A spontaneously immortalized clonal granulosa cell line (SIGC) derived from primary rat ovarian granulosa cell cultures was developed as a model system to explore the process of transformation using an epithelial cell type. SIGC has an epithelial morphology and grows in culture without undergoing luteinization. The cell line is thought to represent an intermediate step in carcinogenesis because it seems to grow indefinitely in culture but does not form clones in soft agar or tumors in nude mice. Indirect immunofluorescence and Western blot analysis verified the constitutive expression of the recessive oncogene product p53 in the cell line, thereby suggesting a possible mechanism of immortalization.
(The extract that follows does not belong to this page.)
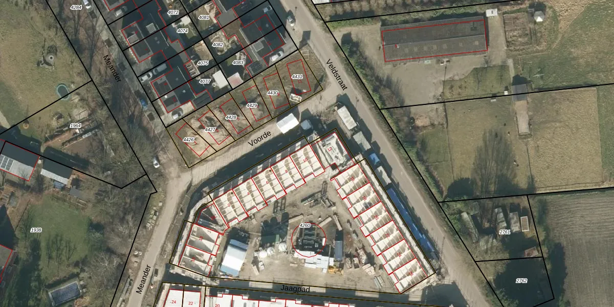 Het perceel waarop Voorde 10 staat heeft een oppervlakte van 2863 m². Dit is een zeer groot perceel. De perceeloppervlakte wordt geregistreerd door het Kadaster. Gedetailleerde informatie over de maten van dit perceel kunt u vinden in het rapport Kadastrale kaart met maatvoering van Voorde 10.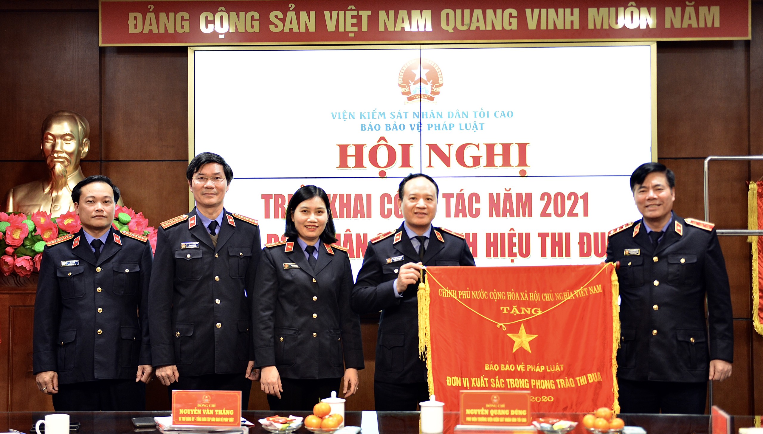 Lãnh đạo VKSND tối cao trao Cờ Đơn vị xuất sắc phong trào thi đua năm 2013 của VKSND tối cao tặng Báo Bảo vệ pháp luật.

Ultrastructural studies indicated that SIGC cells are characterized by an undifferentiated phenotype with prominent intermediate filaments, desmosomes, and gap junctions. The identification of cytokeratin by indirect immunofluorescence and Western blot analysis suggests that SIGC functions as an epithelial cell type. Functional studies of cell-cell communication by a dye transfer technique (fluorescence recovery after photobleaching) showed reduced communication compared to normal primary granulosa cells in culture. SIGC cells were transfected with early region genes of SV40 virus in an attempt to generate fully transformed cell lines. The resulting cell line SV-SIGC expressed T-antigen, was anchorage independent, formed tumors in nude mice, and had reduced intercellular communication as compared to SIGC cells. Explants from the tumors in nude mice were used to generate another cell line (T-SV-SIGC), which exhibited further reduction in both the incidence and the rate of communication. These results clearly demonstrated a progressive loss of functional communication during multistep transformation of an ovarian cell type. These data demonstrate that this assay system based on an epithelioid cell type can be used to study the relationship between intercellular communication and the multistep process of carcinogenesis.

Footnotes

  • ↵1 This work was supported in part by Basic Research Grant 1-1052 from the March of Dimes Birth Defects Foundation, a Texas A&M University College of Veterinary Medicine Enhancement Project, and a grant from the Texas Agricultural Experiment Station to R. C. B.

  • ↵2 These studies comprise a portion of an investigation submitted in partial fulfillment for the Doctor of Philosophy degree in the Department of Veterinary Anatomy, Texas A&M University.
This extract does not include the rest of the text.